Viraal hemagglutinine vertoont een soortafhankelijk potentieel voor erytrocyten hemagglutinatie. Interessant is dat bloed van cavia’s niet goed hemagglutineert met influenza B en dat bloed van kalkoenen wel hemagglutinatie kan veroorzaken met hoge titers en een lage kruisreactiviteit. Wanneer deze techniek eenmaal onder de knie is, kan zij binnen drie uur worden voltooid, mits zij op de juiste wijze wordt uitgevoerd.
Bij deze procedure is het belangrijk te onthouden dat een serum met RDE wordt gebruikt om eventuele niet-specifieke remmers en niet-specifieke binding tijdens de hemagglutinatie van het virus te inactiveren. Na deze procedure kunnen andere methoden zoals ELISA worden uitgevoerd om bijkomende vragen te beantwoorden over de rol van individuele pathogeenspecifieke immunoglobulinen.

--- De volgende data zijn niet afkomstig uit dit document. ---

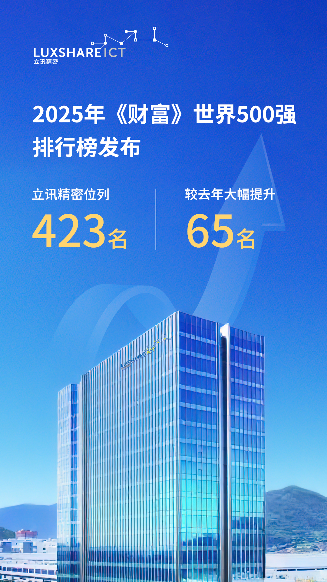 北京時間7月29日,2025年度《財富》世界500強(qiáng)排行榜正式發(fā)布,立訊精密(股票代碼:002475)位列第423名,較去年大幅提升了65名,取得入選以來最高排名。作為衡量全球大型企業(yè)體量的權(quán)威標(biāo)準(zhǔn),《財富》世界500強(qiáng)榜單也反映了全球產(chǎn)業(yè)格局的最新動態(tài)。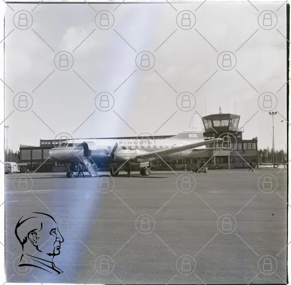 flygplan, Finnair, flygplats, terminal, landning, parkering, 1950-tal, svartvit, luftfart, resor, passagerare, kontrolltorn, markpersonal, flygplanssteg, asfalt, himmel, moln, retro, transport, flygning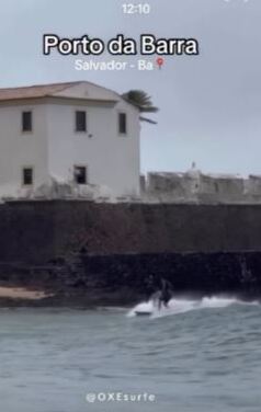O registro foi compartilhado nas redes sociais pelo surfista Nick, do perfil OxeSurf, que costuma documentar as condições do mar na capital baiana. Nas imagens, é possível ver praticantes de surf aproveitando as ondulações em uma área onde o mar, em geral, se assemelha a uma piscina.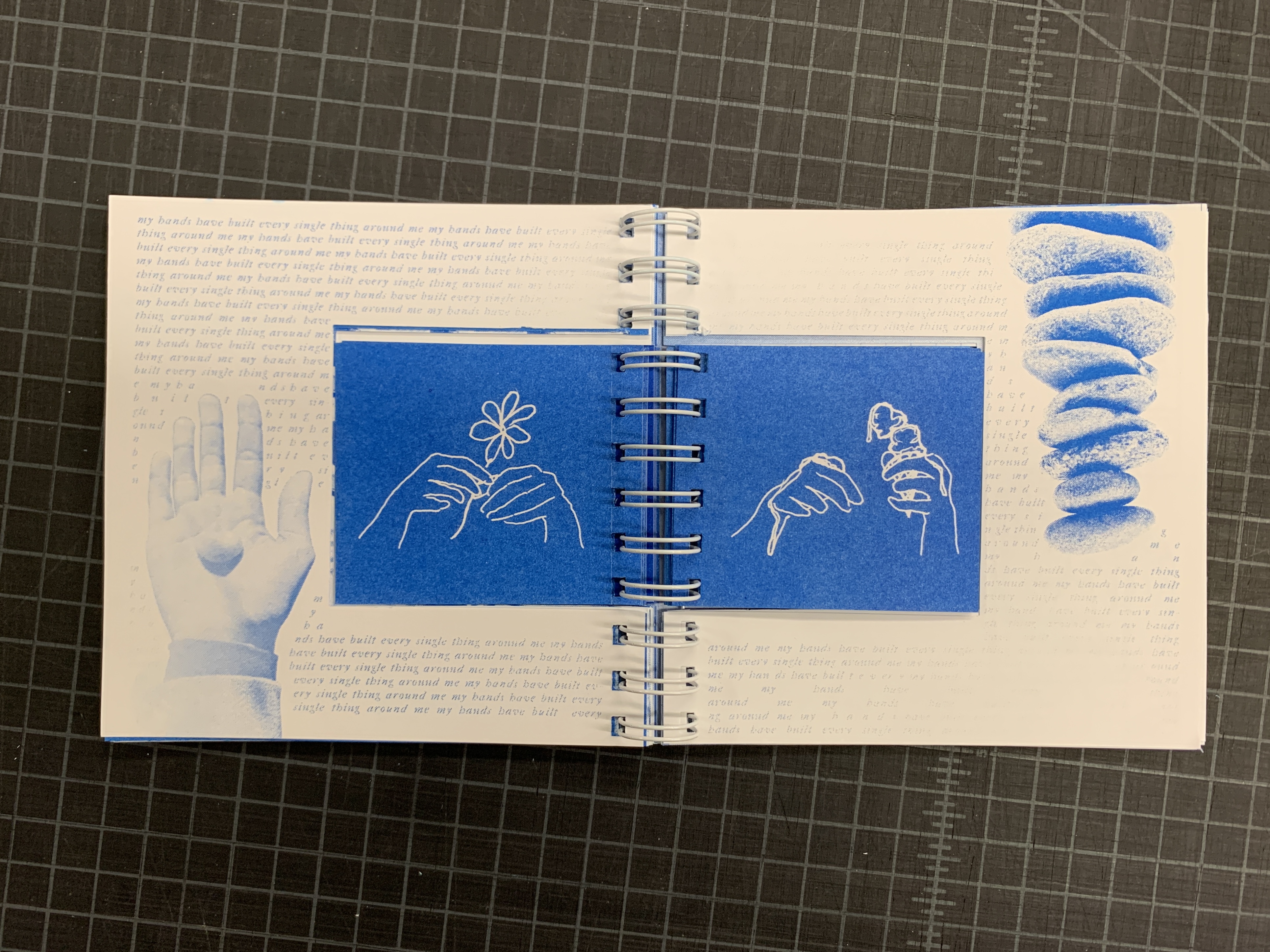 spiral bound, hand-cut, risographed book with two flippable elements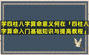 四柱八字算命意义 🐅 何在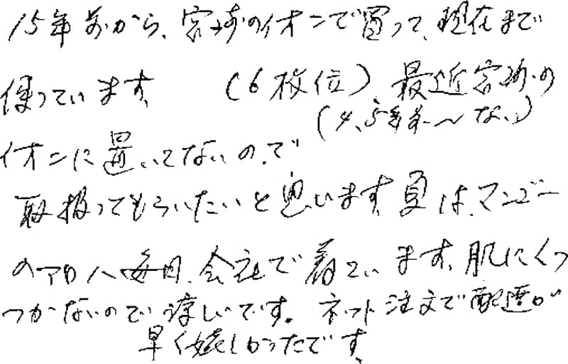 15年前から、宮崎のイオンで買って現在まで使っています。(6枚位)最近宮崎のイオンに置いてないので取り扱ってもらいたいと思います。夏は、マンゴーのアロハ毎日、会社で着ています。肌にくっつかないので涼しいです。ネット注文で配達が早く嬉しかったです。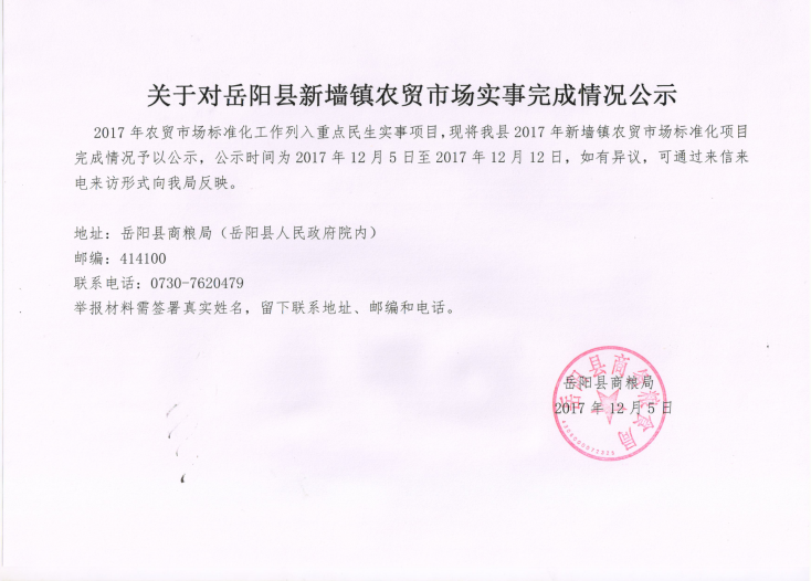 关于对岳阳县新墙农贸市场实事完成情况公示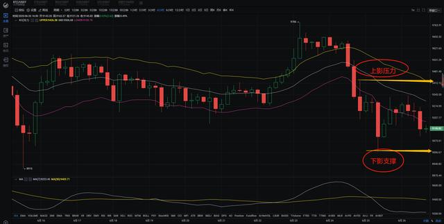行情分析:日线级别可以看到,走势触及BOLL下轨收出带长下影线的小阴线,这里也刚好再次印证前期杨凯说到的“为什么大饼一直在区间震荡,又没量等等情况,这说明外部肯定有承接力量”!但目前短期杨凯来看均线就别看了都是“盖子”,存在大涨的可能性不大,可能还会收一根长的下影线的K线。1小时级别来看短线可以看做是币价在9100-9450这个区间震荡整理。日内小级别支撑关注9100的箱体下沿,压力位关注9550的箱体上沿。短线来看MACD在零轴附近有粘合可能,KDJ则是死叉向下,短线来看行情同样是偏空头方向。若币价反弹至9300-9350的多空分界线压力位附近可以尝试轻仓做空,9100不破同样可以尝试小多单,短线波段操作。

Na zijn ontwikkeling heeft deze techniek de weg vrijgemaakt voor onderzoekers op het gebied van virale immunologie om ons begrip van vaccin-gerelateerde immuniteit bij gezonde en immuno-onderdrukte patiënten binnen verschillende leeftijdsgroepen te vergroten.
Na het bekijken van deze video zou u een goed begrip moeten hebben van hoe een hemagglutinatieremmingstest moet worden uitgevoerd om influenzastam-specifieke antilichaamtiters op grote schaal te kwantificeren. Vergeet niet dat het werken met virale antigenen, dierlijk bloed en humane serummonsters uiterst gevaarlijk kan zijn en dat voorzorgsmaatregelen zoals het werken in een BSL2 laboratorium altijd moeten worden genomen tijdens het uitvoeren van deze procedure.